- EXERCISE DATA -
------------------------------

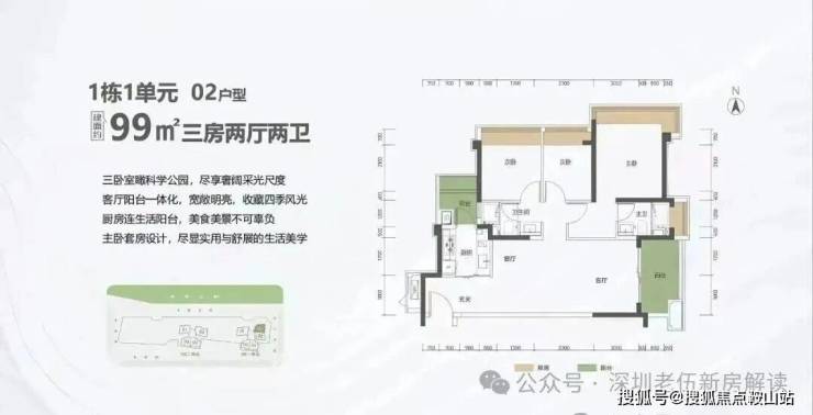 99㎡的3房2厅2卫,1栋1单元02户型,设计的是竖厅格局,客厅3.5米开间,LDKB一体化设计,进深11.31米,动静分区,三卧室朝东北向看科学公园,二字型厨房还带1个生活阳台,公卫三段式分离,阳台1.5米进深,东南朝向。
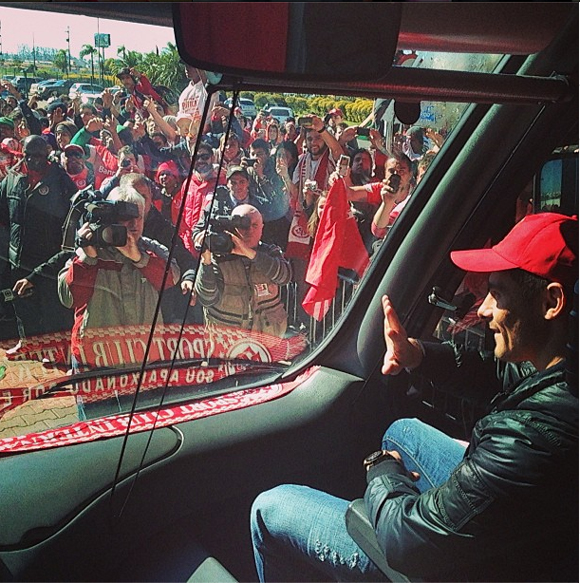 Torcida colorada compareceu em peso ao aeroporto para dar boas-vindas ao meia
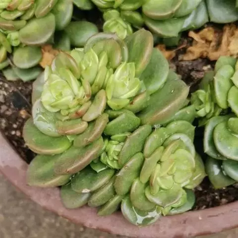 女雏是景天科石莲花属的多肉植物。特征是小巧的株形和橙粉色叶缘。极易生侧芽,…
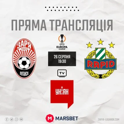 В прямом эфире в Украине матч "Заря" — "Рапид" будет показан на телеканале "Униан ТВ", а также на ОТТ-платформах, у которых вышеназванный канал есть в доступе (oll.tv, megogo и другие). Кроме того, на сайте "Телеграф" будет доступна онлайн видеотрансляция поединка, а по окончании встречи — видео лучших моментов игры.
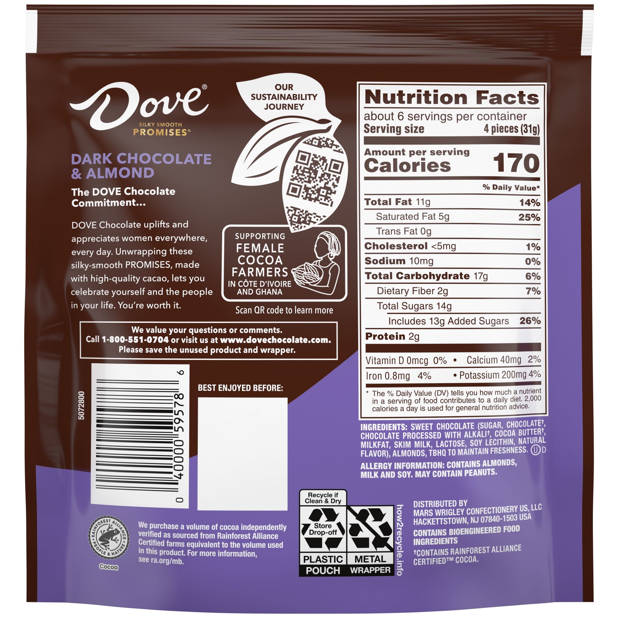 • Contains one (1) 6.74-ounce bag of DOVE PROMISES Dark Chocolate and Almond Candy Bar Assortment
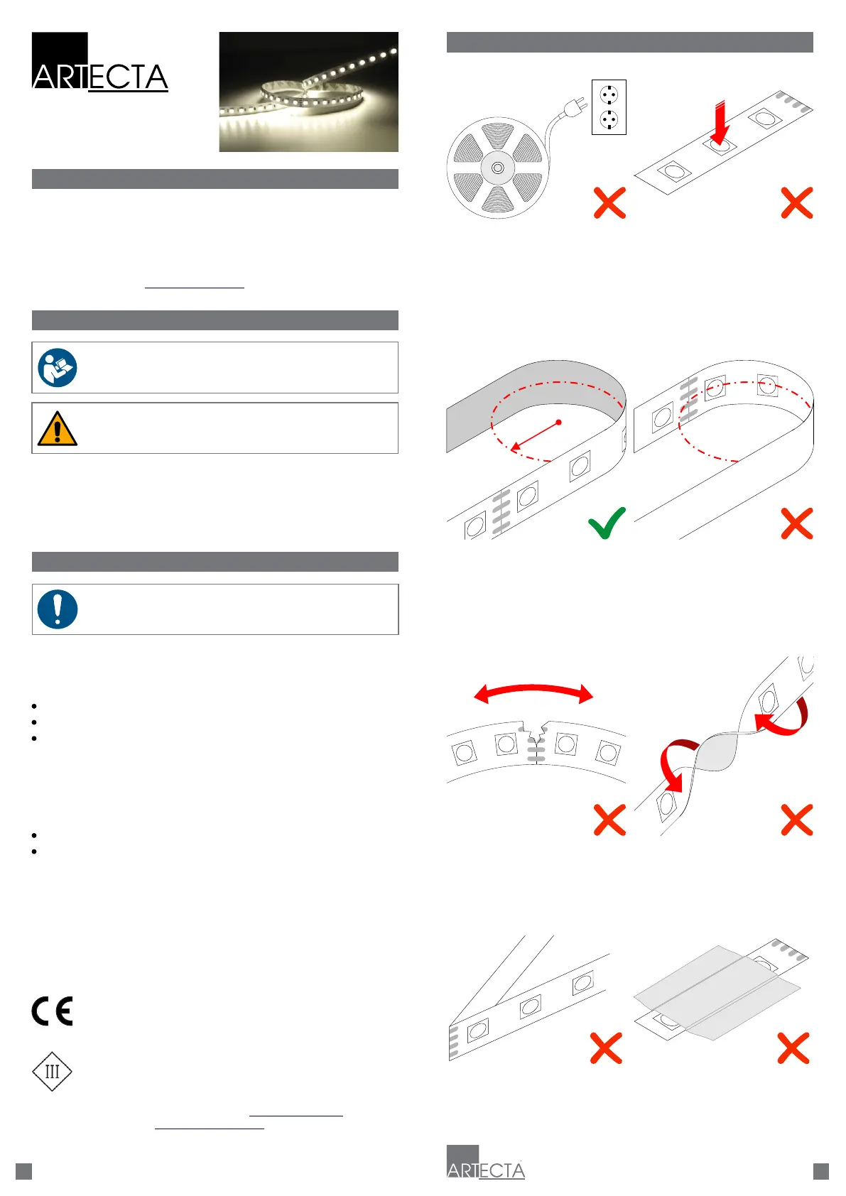 Do not connect the LED strip to electrical power supply when the
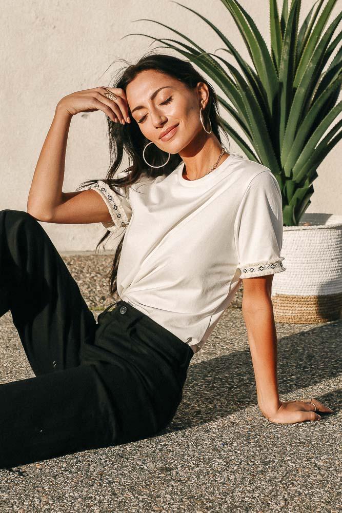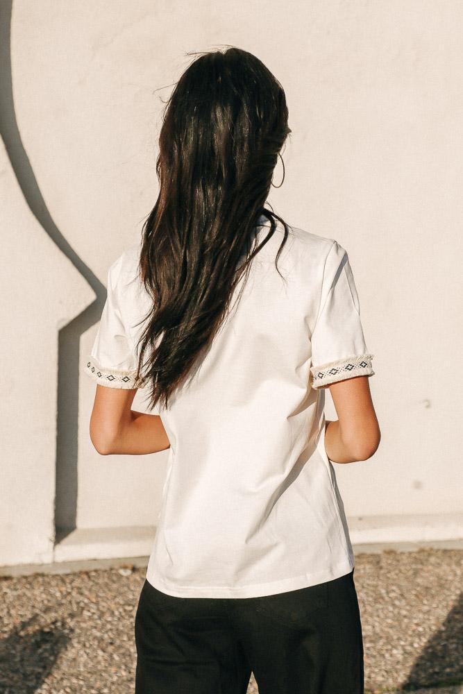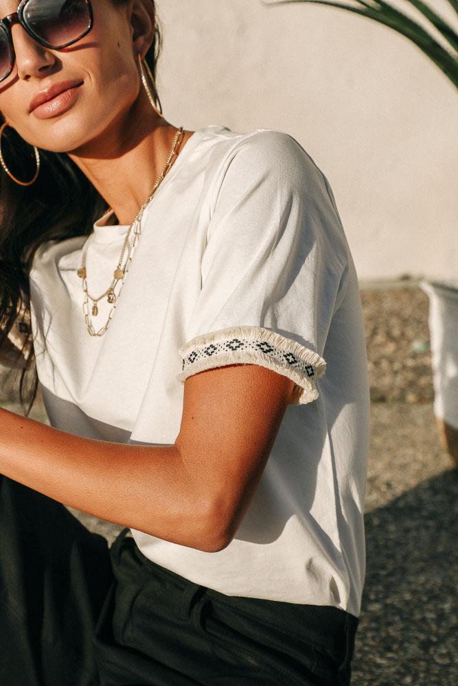 - Sleeve Detail, Embroidered Ribbon with Fringe
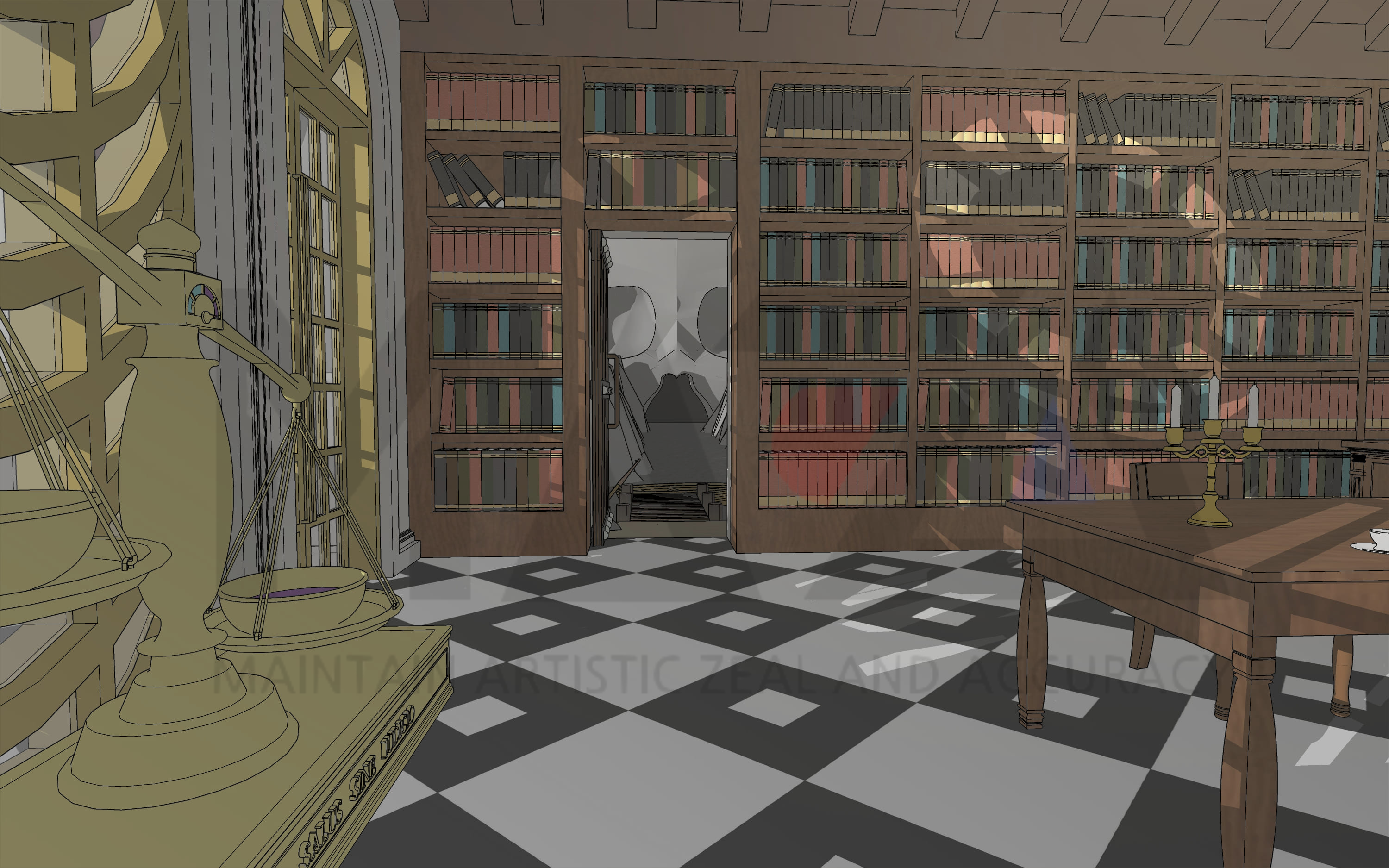 참고로 제가 상상한 이 작은 집은 '저울의 집' 또는 '심판의 집'이라 불리는 곳으로 망자가 살아생전 본인이 쌓은 덕과 지은 죄의 총량을 무게로 재어 망자의 천국과 지옥행을 결정하는 곳입니다. 이곳에서는 새롭게 탄생할 인간과 환생할 인간을 땅으로 내보내고, 수명이 다하여 돌아온 망자를 다시 받아들이지요. 망자가 이 집에 도착하면, 이곳에서 업무를 보는 망자 안내인, 즉 사자는 망자에게 차를 먼저 건네주며 잠시 얘기를 나눕니다. 차를 마신 후, 망자는 '심판의 저울' 앞에 서게 되며, 망자가 저울 앞에 서게 되는 순간 저울 위에 있는 심판의 눈에서 망자 몸 안에 있는 모든 기운을 빼냅니다. 이 기운들은 망자가 살아생전에 마일리지처럼 쌓았던 선행과 악행의 기운들로 심판의 눈은 망자의 몸속에 있는 선과 악의 기운들을 모두 저울로 빼내어 망자가 생전에 했었던 선행과 악행들을 무게로 잽니다. 'Nulla Salus Sine Iudicio(심판 없이는 구원도 없다)'. 저울에 적힌 문구처럼 모든 망자는 구원받기 위해 저울 앞에서 심판받습니다. 만약 선행의 기운이 더 무거우면 망자는 당연히 천국으로 가겠지만 악행의 기운이 더 무겁게 되면 망자는 지옥으로 가게 됩니다. 비록 죄는 지었으나 반성하는 망자에게는 어둠 지옥으로, 반면 죄를 반성하지 않거나 생전 극악무도했던 망자라면 영원히 고통받는 불지옥으로 가겠지요.
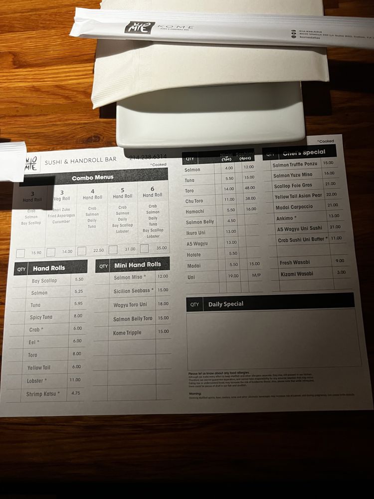 Welcome to Komé, a culinary haven nestled in Dallas, TX, where sushi transcends the ordinary. Komé's menu showcases an artful blend of fresh, beautifully crafted sushi, handrolls, and innovative dishes that promise to tantalize your taste buds. Highlights include the mango salmon and scallop foie gras, each bursting with flavor and visually stunning.
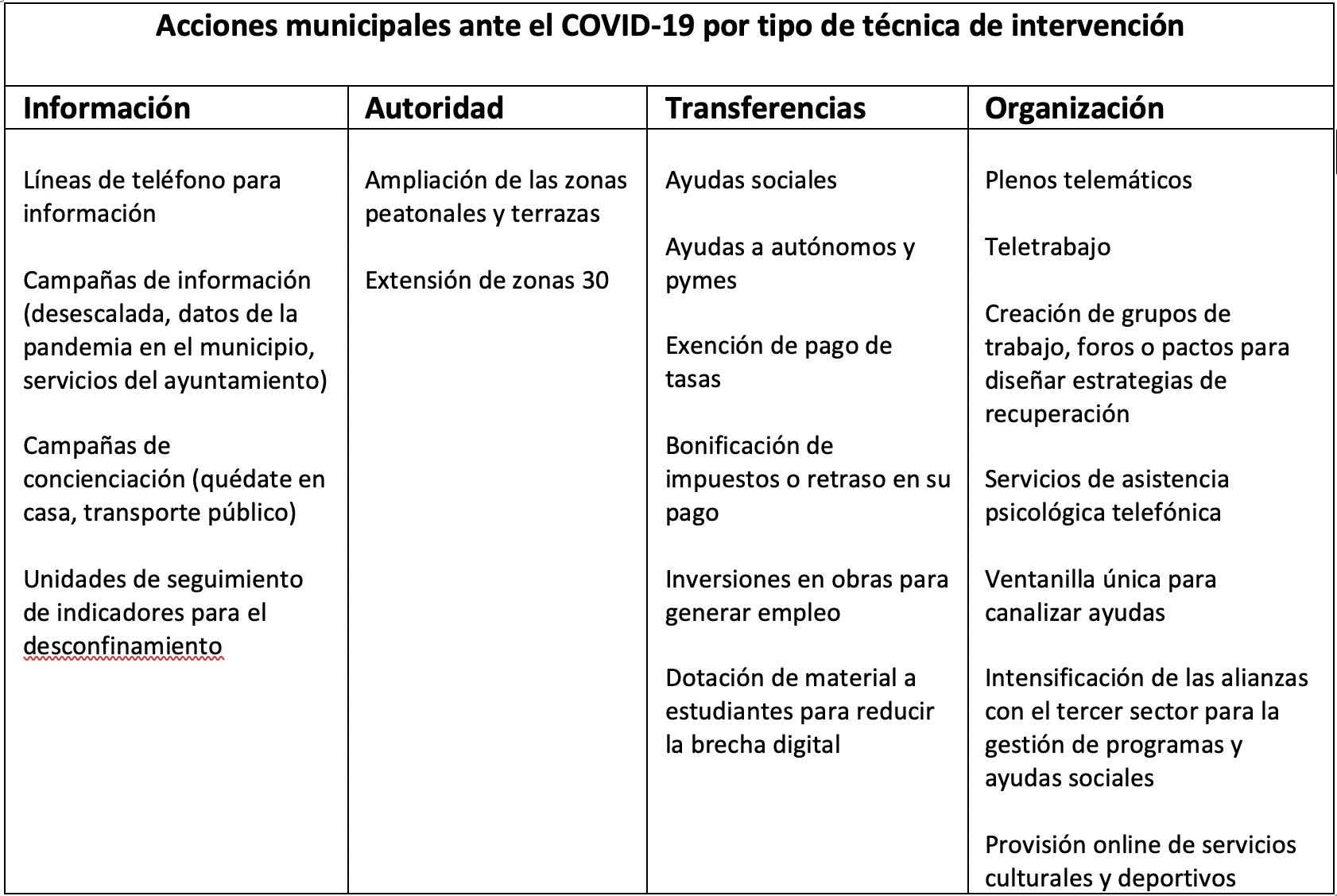 En un intento de agrupar todas estas acciones en categorías para poder avanzar un análisis, en la tabla de abajo nos servimos de la clásica tipología NATO (Hood, 1986) de instrumentos de políticas públicas para poder identificar las distintas modalidades de actuación. Esta tipología clasifica las técnicas de intervención pública en cuatro grandes categorías según el tipo de recurso gubernamental al que se recurre para la acción. Así, se distingue entre a) instrumentos basados en la activación de información para asistir, concienciar o exhortar  (Nodality),  b) instrumentos basados en la autoridad (Authority) que activan poderes legales para disciplinar conductas, c) instrumentos basados en la activación de recursos económicos a través de transferencias a ciudadanos o empresas o de éstos a las administraciones públicas  (subvenciones, bonificaciones fiscales, tasas, impuestos, etc.) (Treasure) y d) instrumentos basados en la organización (Organization). La tabla 1 recoge las medidas más típicas que se han adoptado para luchar contra la pandemia; no es una lista exhaustiva pero sí representativa de las estrategias municipales.
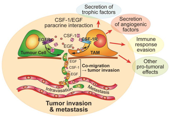 Contribution by tumor-associated macrophages (TAM) to tumor progression with an emphasis on tumor invasion and metastasis. TAMs secrete epidermal growth factor (EGF) and tumour cells secrete CSF-1 to induce a paracrine loop-driven co-migration and invasion of both cell types towards blood vessels.
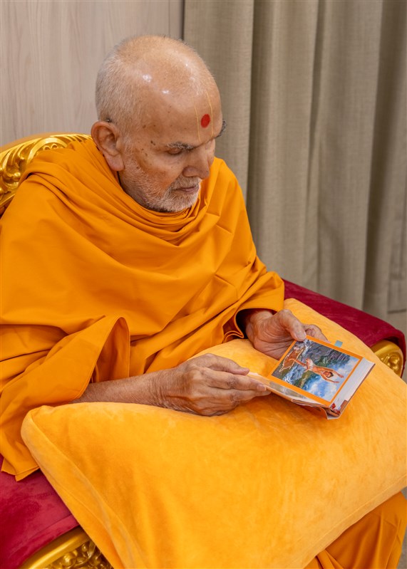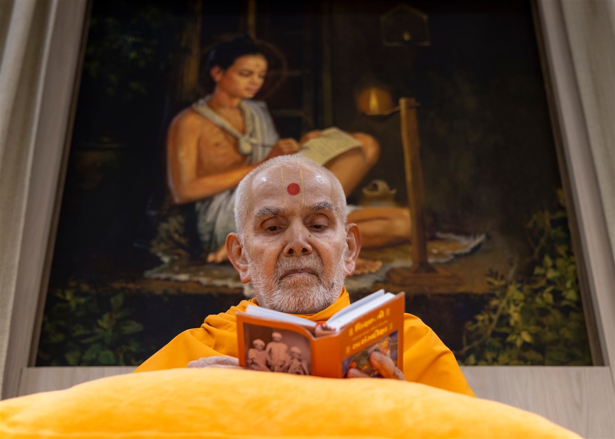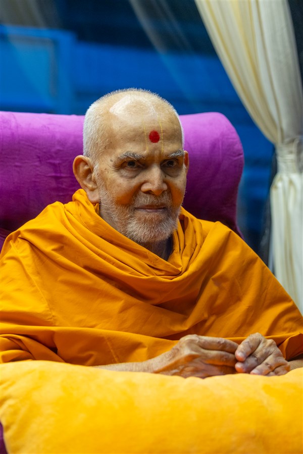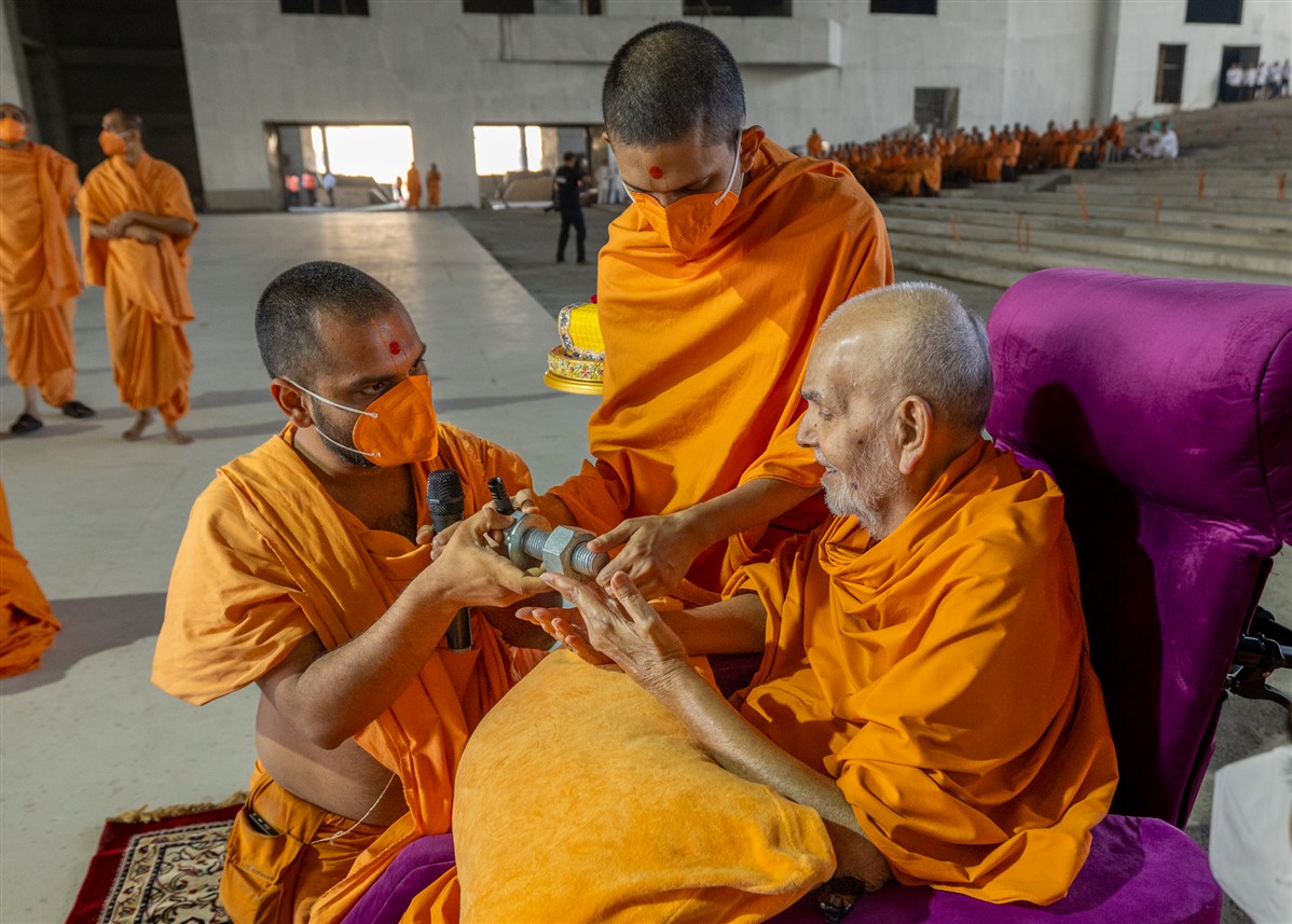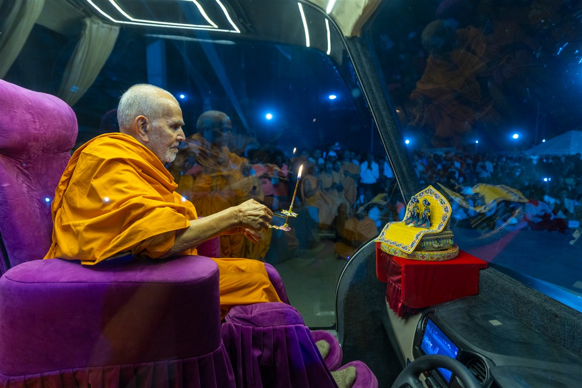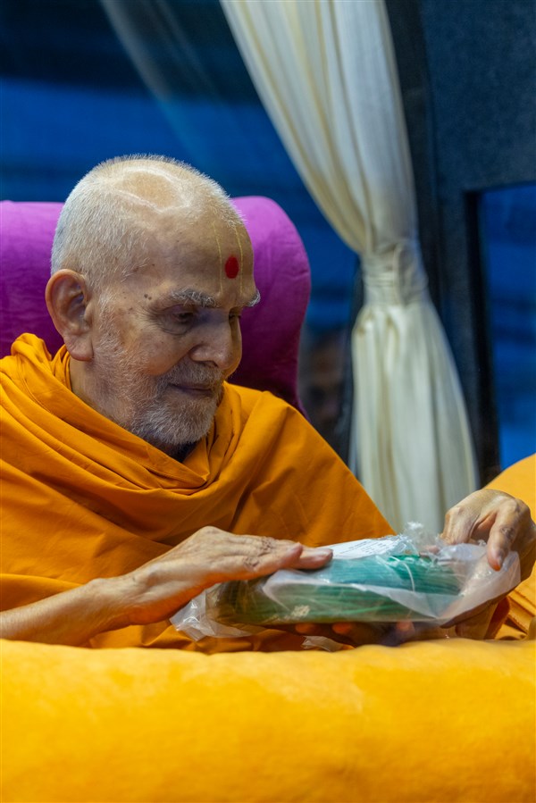 Param Pujya Mahant Swami Maharaj performs his daily puja

------------------------------

- TASK REQUIREMENTS -
What you need to produce is an exact copy of the entries above, limited to the lines from the one with "참고로 제가 상상한 이" up to and including the one with "Welcome to Komé, a", without pictures.

- EXPECTED OUTPUT -
 참고로 제가 상상한 이 작은 집은 '저울의 집' 또는 '심판의 집'이라 불리는 곳으로 망자가 살아생전 본인이 쌓은 덕과 지은 죄의 총량을 무게로 재어 망자의 천국과 지옥행을 결정하는 곳입니다. 이곳에서는 새롭게 탄생할 인간과 환생할 인간을 땅으로 내보내고, 수명이 다하여 돌아온 망자를 다시 받아들이지요. 망자가 이 집에 도착하면, 이곳에서 업무를 보는 망자 안내인, 즉 사자는 망자에게 차를 먼저 건네주며 잠시 얘기를 나눕니다. 차를 마신 후, 망자는 '심판의 저울' 앞에 서게 되며, 망자가 저울 앞에 서게 되는 순간 저울 위에 있는 심판의 눈에서 망자 몸 안에 있는 모든 기운을 빼냅니다. 이 기운들은 망자가 살아생전에 마일리지처럼 쌓았던 선행과 악행의 기운들로 심판의 눈은 망자의 몸속에 있는 선과 악의 기운들을 모두 저울로 빼내어 망자가 생전에 했었던 선행과 악행들을 무게로 잽니다. 'Nulla Salus Sine Iudicio(심판 없이는 구원도 없다)'. 저울에 적힌 문구처럼 모든 망자는 구원받기 위해 저울 앞에서 심판받습니다. 만약 선행의 기운이 더 무거우면 망자는 당연히 천국으로 가겠지만 악행의 기운이 더 무겁게 되면 망자는 지옥으로 가게 됩니다. 비록 죄는 지었으나 반성하는 망자에게는 어둠 지옥으로, 반면 죄를 반성하지 않거나 생전 극악무도했던 망자라면 영원히 고통받는 불지옥으로 가겠지요.
 Welcome to Komé, a culinary haven nestled in Dallas, TX, where sushi transcends the ordinary. Komé's menu showcases an artful blend of fresh, beautifully crafted sushi, handrolls, and innovative dishes that promise to tantalize your taste buds. Highlights include the mango salmon and scallop foie gras, each bursting with flavor and visually stunning.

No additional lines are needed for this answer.